Bringing It All Together
In discussing nudge-type BCTs, we aimed for breadth, not depth. However, it should be clear by now that the term nudge is too broad, lacking sufficient precision and clarity to be useful.
BCTs subsumed under nudge are not a homogeneous collective. Even within the same category, different BCTs influence behaviours through different mechanisms. Furthermore, the boundaries between nudges and non-nudges are unclear, and the nudge universe encompasses a broader set of BCTs than what our adopted definition allows.
Behaviour change practitioners are increasingly cognizant of these issues.
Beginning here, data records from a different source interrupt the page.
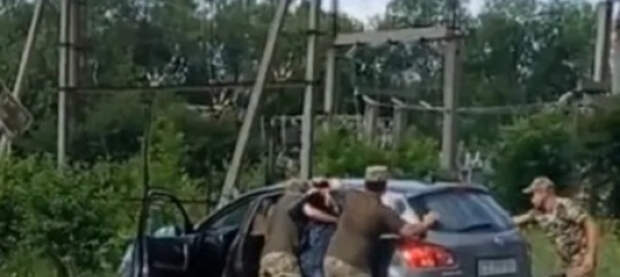 Принудительные задержания, избиения и произвол сотрудников ТЦК на Украине набирает обороты. Военкомы открыли охоту на водителей автомобилей. Двумя микроавтобусами они блокируют движущийся гражданский автомобиль, разбивают окна, забрызгивают газом и силой вытаскивают водителей.
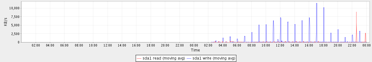 avg(sda1 read) = 28.09 avg(sda1 write) = 476.52
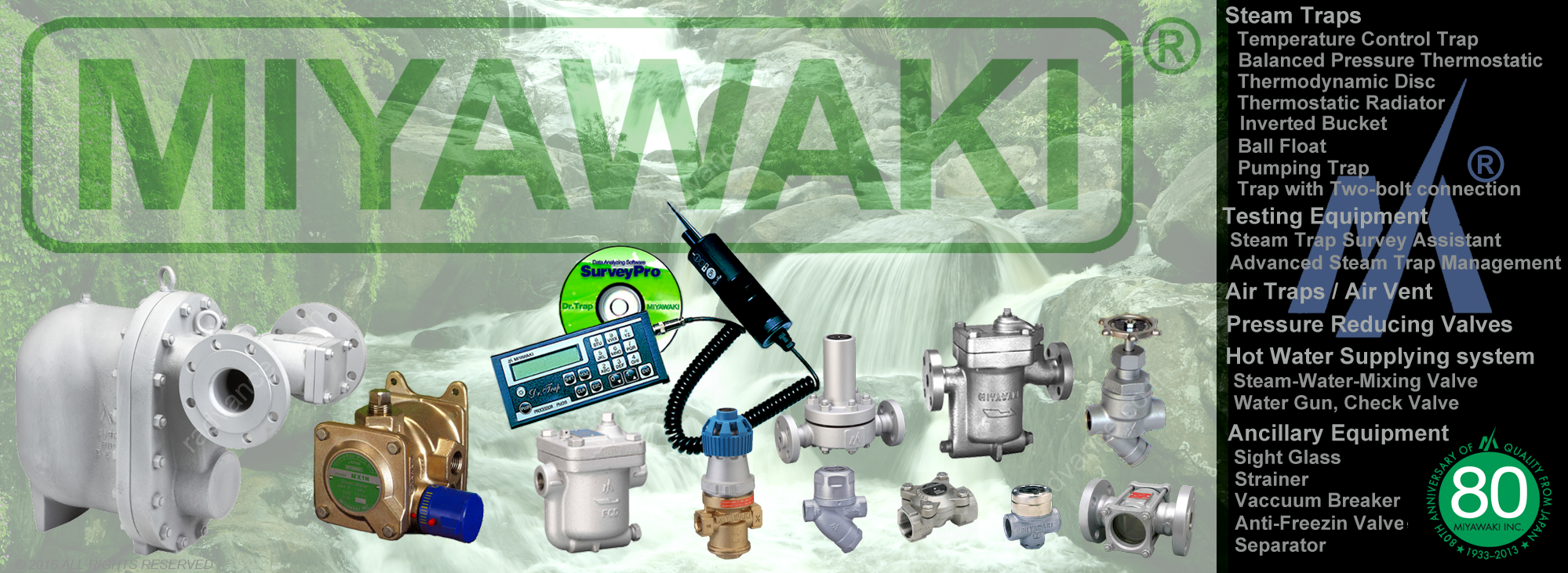 3.การบริหารพลังงานเพื่อลดความสูญเสียในระบบไอน้ำและน้ำร้อน ได้แก่ สตีมแทป(วาล์วดักไอน้ำ) วาล์วลดแรงดัน เซฟตี้วาล์ว แอร์แทป วาล์วผสมน้ำ-ไอน้ำ ตัวกรองสแตนเนอร์ ไซทกลาส เครื่องตรวจเช็คการทำงานสตีมแทป และอุปกรณ์เสริมอื่นๆ
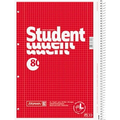 Brunnen 1067908 Notebook, Student College Block (for Left Handed People, A4, Squared, Lineament 28, 70g/m², 80 Sheets, Spiral)
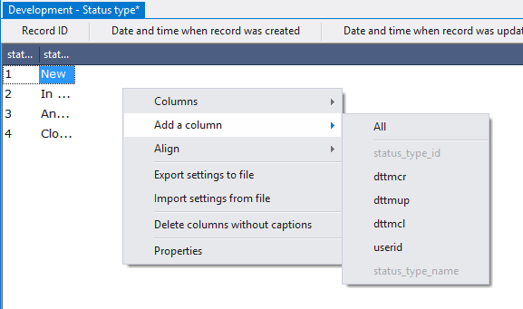4.3.2.4. Open the context menu by right-clicking in the empty space of the object, choose Add a column and select columns status_type_id, status_type_name;
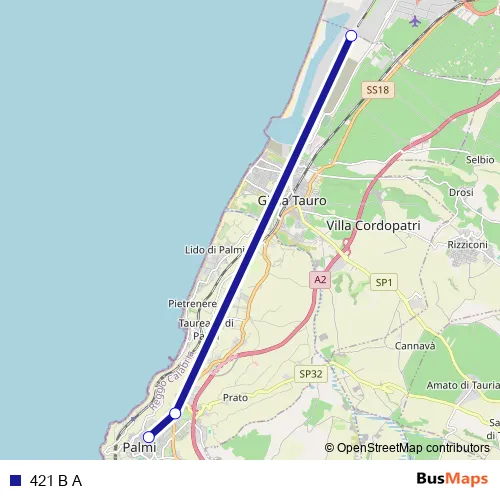 See why over 2 million users trust and consider busmaps.com as the best public transport website. busmaps gives you Palmi Buses suggested routes, real-time bus tracker, line route maps in Palmi, and helps to find the closest 421 B A bus stops near you. No internet available? Download an offline PDF map and bus schedule for the 421 B A bus to take on your trip.
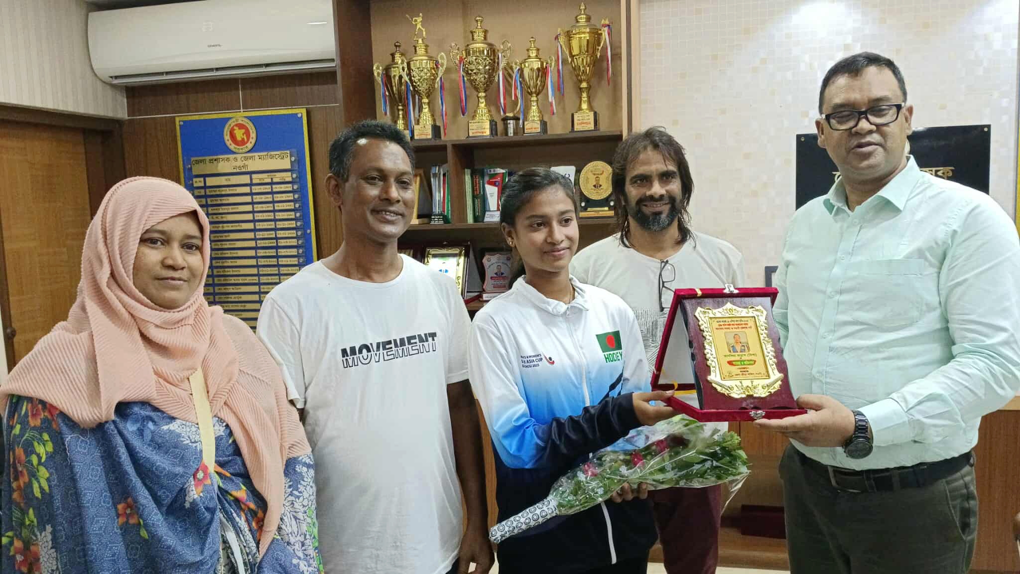 ব্রোঞ্জ পদক জয়ী হকি দলের খেলোয়াড় নওগাঁর মেয়ে তিশাকে সংবর্ধনা
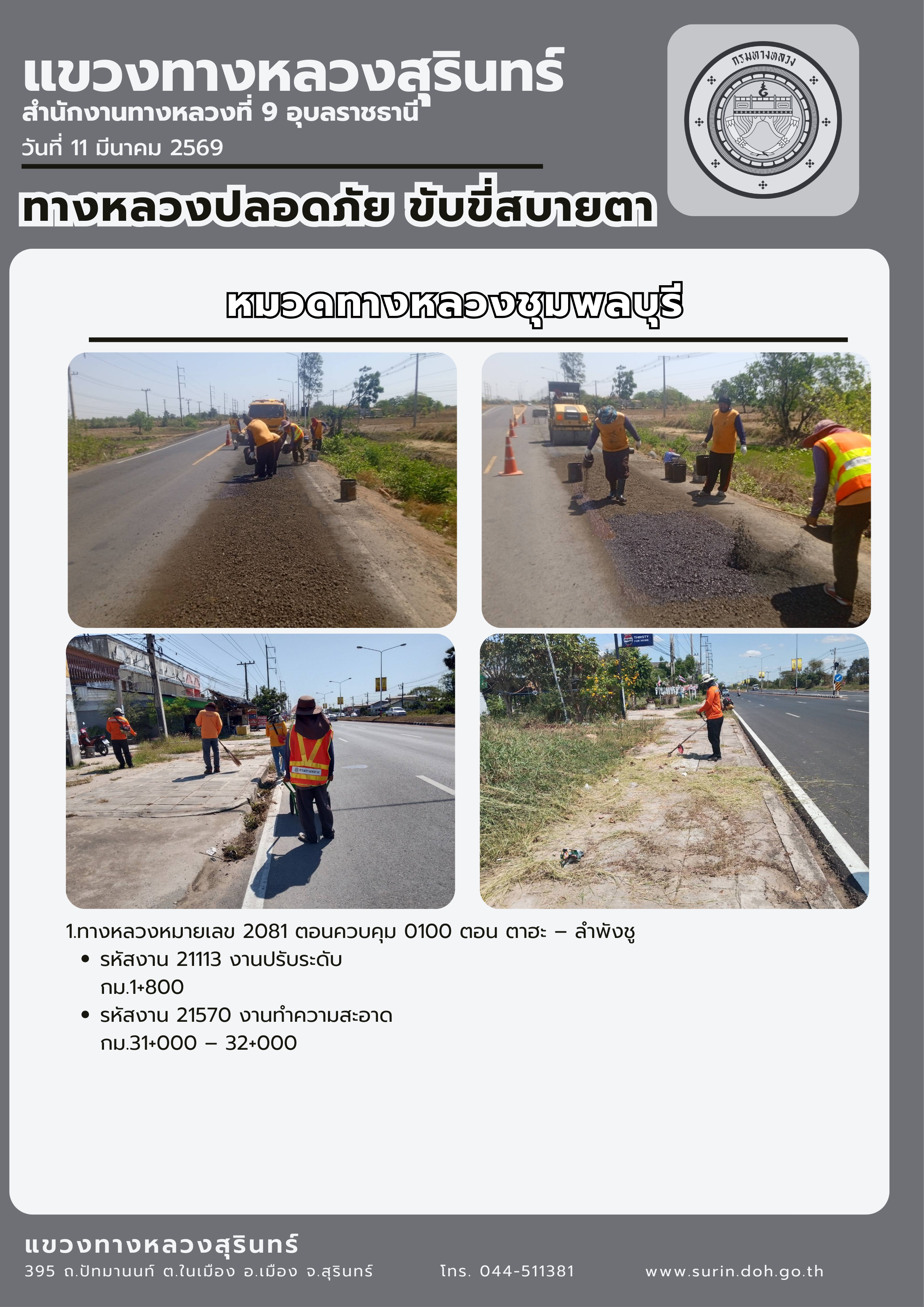 ทางหลวงปลอดภัย ขับขี่สบายตา 11 มีนาคม 2569
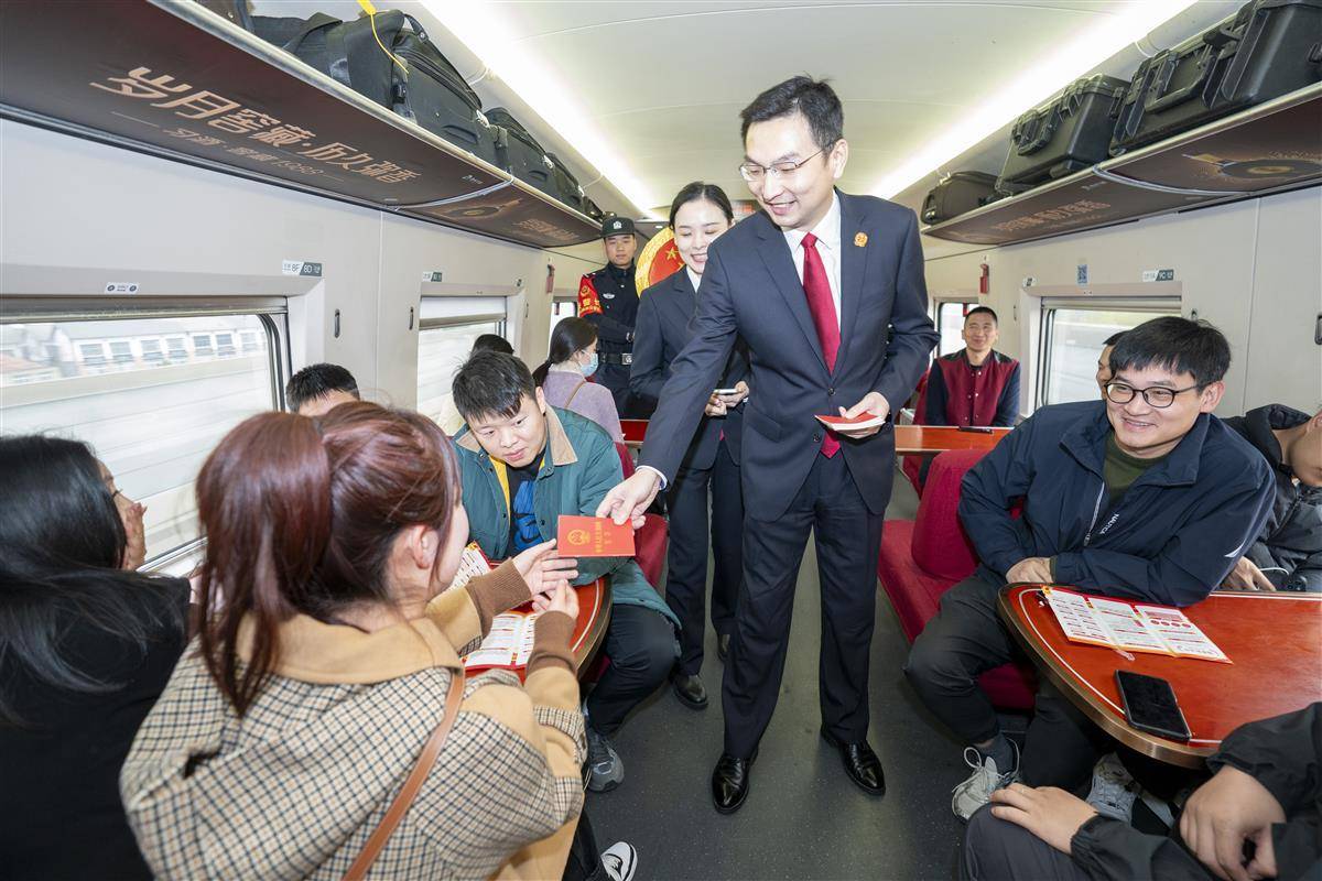 列车上,法官们通过国家宪法日的由来、宪法的产生和历史发展、宪法修订的主要内容以及如何遵守宪法等方面向旅客们现场普及宪法知识。法官、乘警和乘务员还热情地为旅客发放《中华人民共和国宪法》单行本等法律宣传资料,引用司法实践中的真实案例,面对面讲解与大家生活息息相关的宪法条款,以释法析理的方式,为旅客们解答他们关心关切的热点案例及相关法律知识,让学习宪法、宣传宪法、遵守宪法深入人心。
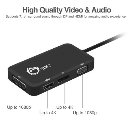 Easily add a DisplayPort, HDMI, DVI or VGA display to a Thunderbolt 3 or DisplayPort Alternate mode capable USB-C port.
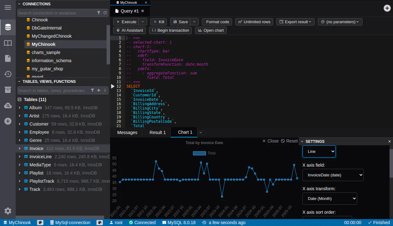DbGate has complete new charting engine. Charts are automatically created from query result. Of course, you could configure everything, if you are not satisfied with auto-detected measures. Chart definition is saved to the begining of SQL query (as SQL front matter), so you will see the same chart after reopening saved SQL query.
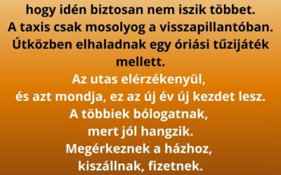 Szilveszter éjjel egy baráti társaság taxit hív hazafelé. Már mindenki kicsit hangosabb a kelleténél. Az egyik utas kijelenti, hogy idén…
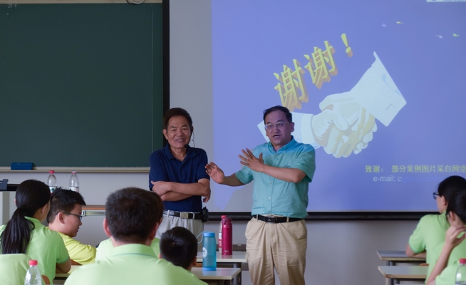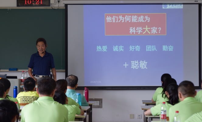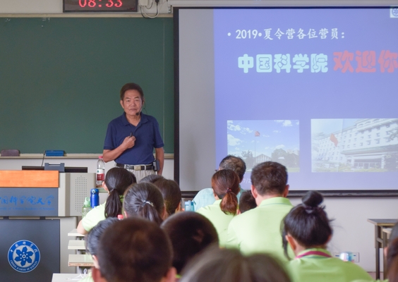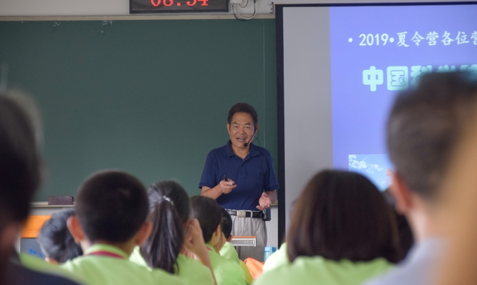 不到上午8点半,中科院原党组副书记、中科大原党委书记郭传杰教授便已来到玉泉路校区教学楼305教室。在随后的近三个小时里,75岁高龄的他坚持站立,为大家带来了一场精彩的讲座。郭老师结合自身见闻,并引用诸多科学家投身科研事业的故事,向大家传授了成为科学大家应具备的种种品质,鼓励各位营员踏上科研之路,成为创新人才。
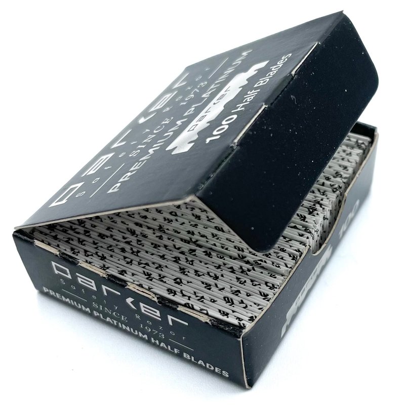 Parker Premium Platinum 1/2 Blades, 100 Count, For Professional Barber Razors, Shavette Style Razors and Disposable Blade Straight Razors that accept Half of a Double Edge Razor Blade
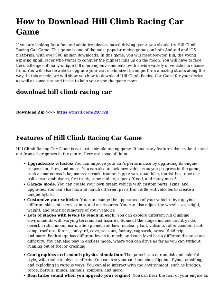 Get the free How to Download Hill Climb Racing Car Game
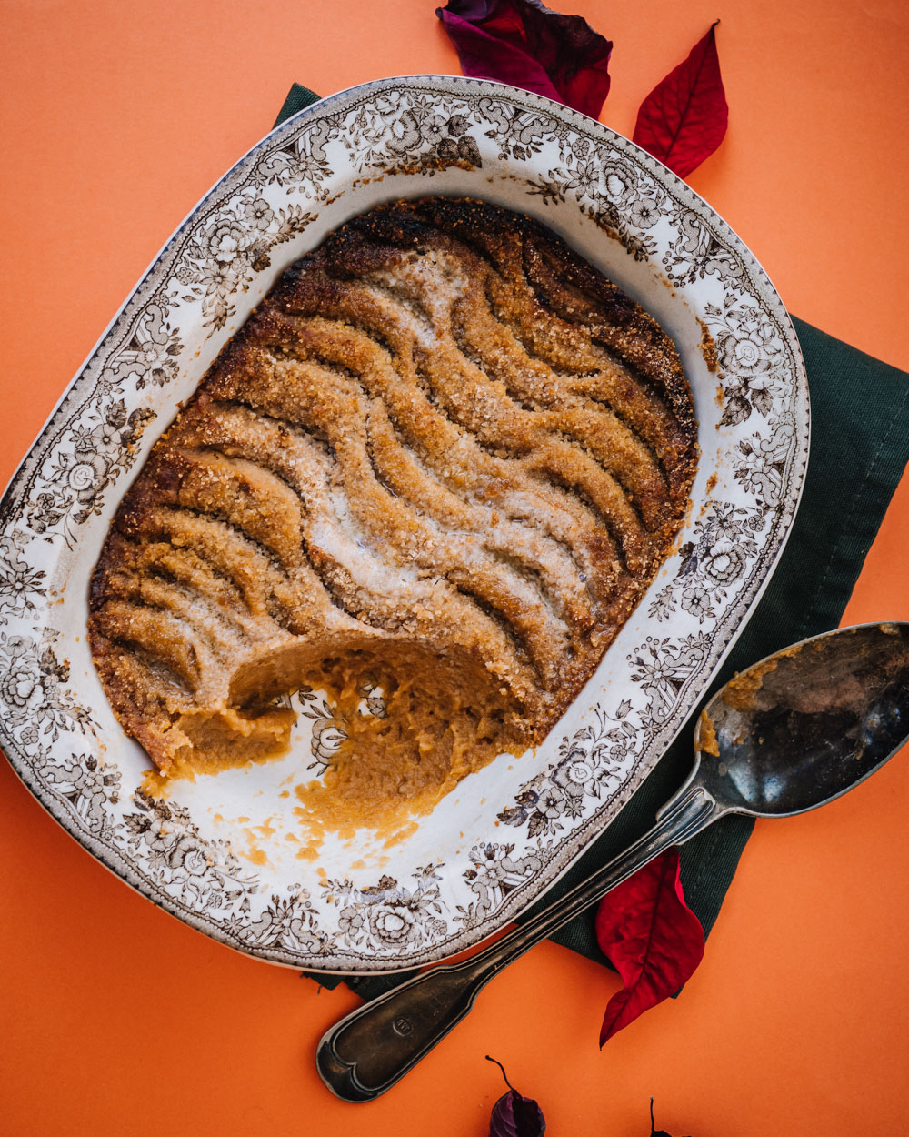 - Voitele vuoka ja levitä bataattiseos vuokaan. Ripottele pinnalle korppujauhot ja tee pintaan halutessasi koristekuvioita. Levitä voi nokareina vuoan pinnalle.

As the Chief Behavioural Scientist of the Behavioural Insights Team Michael Hallsworth noted recently,
[BCTs] have gone far beyond the self-imposed limits of nudges, even if that label is still used (often unhelpfully) as a blanket term.
To use nudges effectively, at the very least, we need to go beyond
I’m going to change [target behaviour] by [insert random BCT I heard about].
to
I’m going to change [target behaviour] by [insert specific BCT] as it influences behaviour through [specific mechanism of action].
Beyond that, several key questions remain to be answered:
When and on whom should we use a nudge-type BCT?
Who should implement them?
Are they actually effective?
If not a nudge-type BCT, then what?
We’ll be back with more answers (and more questions) in Part III. Till then.
Our efforts may even backfire if they throw food waste into the recycling bins and contaminating the bin contents.
Others have also tried classifying nudges in other ways—like System 1 (automatic) vs. System 2 (deliberative) nudges, or goal nudges vs. behavioural nudges. We consider these classifications unsatisfactory for reasons that require a separate article.
Better yet, we can present the total estimated cost over the product’s life cycle (say 10 years) and remove the hassle of having to manually compute the costs (error-proofing).
On the other hand, we can also increase effort to discourage behaviours.
The astute reader will also note that these commitments (sometimes called precommitments) are really an extension of implementation intentions, with the addition of programmed outcomes.
This number, while small, is highly consequential considering the reach of the intervention.
There are actually two possible mechanisms here—through classical conditioning (pairing cigarettes with graphic images) and through bringing other meanings into the equation (e.g., smoking = bad parent).